Datacenter at Bigelow Laboratory

High Performance Computing

Overview

Bigelow Laboratory for Ocean Sciences's High Performance Computer Cluster (HPCC), Charlie, is designed to handle a diverse range of scientific data processing needs. Charlie consists of three high performance nodes with a combined 468 processor cores, 4,000 GB of memory (RAM) and access to 250 TB of onsite storage.

Features

468 cores 4 TB memory 250 TB Storage 160 TFLOPS

Nodes

Charlie consists of three systems (nodes), C1, C2, and C3, that work together to process data. C1 and C2 are shared memory systems, where a single process can use any number of CPUs and any amount of memory for a single process/job. C3 is a distributed system, made up of fifteen seperate machines that each have 12 CPU cores and between 64 and 128 GB of memory. The memory on C3 can not be shared between machines/nodes.

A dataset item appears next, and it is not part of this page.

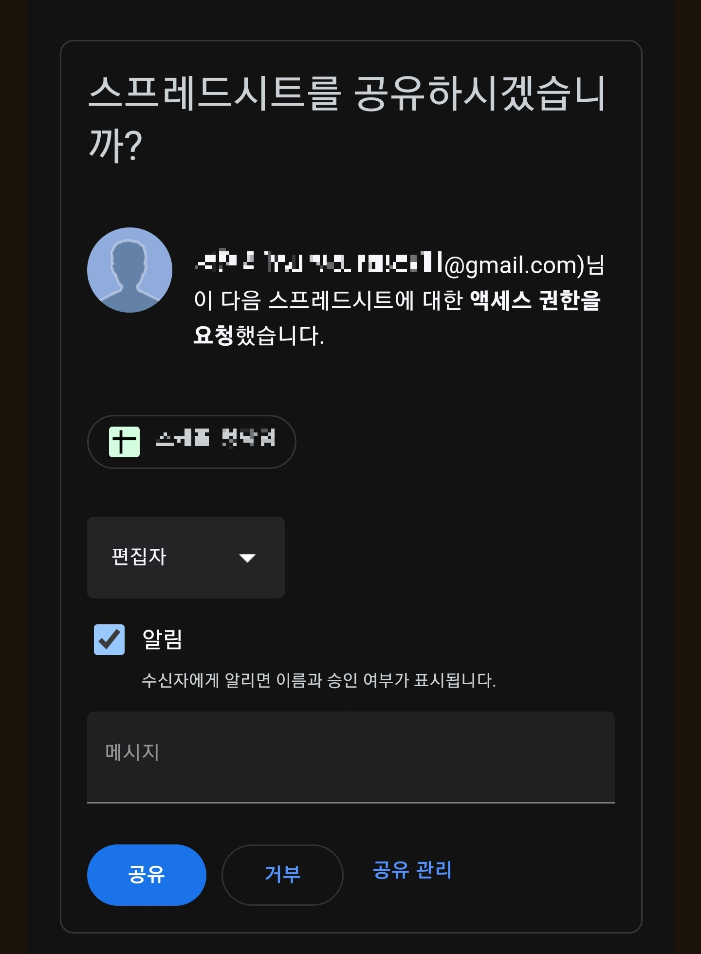 위와 같이 공유 요청 메일이 도착했습니다..

C1: SGI UV2000 - 160 cores, 1.2 TB memory
C2: SGI UV300 - 128 cores, 2 TB memory
C3: Dell PowerEdge R610s - 180 cores, 1 TB memory

Network

Charlie's nodes are interconnected using a 10Gbps network. They are connected to the internet using a fast 1Gbps fiber network. Bigelow is also connected to the national Internet 2 and the local MaineREN networks that link research and educational institutions directly together in order to reduce latency and increase speed/performance when sharing resources.

Software

At the heart of Charlie's software environment is PBS Pro. PBS Pro is a scheduling system that allocates resources to HPCC jobs based on availability, priority, permissions, etc.. Charlie uses environment modules to provide access to many bioinformatics tools, including BLAST, VirSorter, and dada2, in addition to general applications such as R, Python, and OpenMPI.

Funding

Charlie has been supported by multiple grants, including from the National Science Foundation's Division of Biological Infrastructure and the Simons Foundation.